Появляется другая женщина, гораздо моложе первой, но зато еще уродливей. Она вносит на круглом подносе лампу-спиртовку не выше стакана и толщиной в палец, малюсенькие оловянные ящички, длинные высушенные пальмовые листья и еще один предмет – длинную полированную трубку из бамбука. Она напоминает флейту; кажется, что трубка запаяна с обеих сторон, но, приглядевшись, Эммануэль замечает, что на одном конце просверлена маленькая дырочка. Марио предупредил вопрос своей ученицы:
– Перед вами трубка для курения опиума, дорогая. Не правда ли, красивая вещь?
– Трубка? Но куда же кладется табак? Не в эту же маленькую дырочку?
– Туда кладут не табак, а шарик опиума. И надо сделать только одну затяжку. Затем снова заправить. Но лучше вы сами попробуйте это проделать.
– Неужели вы хотите, чтобы я курила опиум?
– А почему бы и нет? Я хочу, чтобы вы знали, в чем состоит эта игра или, вернее, искусство. Ничем нельзя пренебрегать.
– А… если мне понравится?
– Что же здесь плохого? – И Марио рассмеялся. – Успокойтесь, это не курение опиума. Это только прелюдия к нему.
– А что происходит потом?
– Узнаете со временем. Не будьте нетерпеливы. Церемония опиекурения требует полного душевного спокойствия, даже отрешенности.

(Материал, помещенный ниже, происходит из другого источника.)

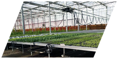 各類溫室加熱設備、自走式噴灌機、工業暖風機,植物生長架,專用育苗床,各類環境調控設備及溫室相關資材配件。

Эммануэль резко повернулась:
– А если мне понравится, я могу вернуться сюда?
– Конечно, – сказал Марио.
Казалось, его забавляли вопросы Эммануэль. Он смотрел на нее чуть ли не с умилением. Она задала еще один вопрос:
– Я думала, что курение опиума запрещено.
– Конечно, так же как и внебрачные связи.
– А если сюда явится полиция, что нам делать?
– Мы отправимся в тюрьму.
Марио добавил с улыбкой:
– Но мы попытаемся сначала подкупить полицию вашими прелестями.
Эммануэль ответила тоже улыбкой, но улыбка эта была скорее скептической.
– Я замужем, значит, свою свободу мне придется купить ценой еще одного нарушения закона.
– Ну, это преступление представители закона с божьей помощью вам простят, тем более если они будут вашими соучастниками.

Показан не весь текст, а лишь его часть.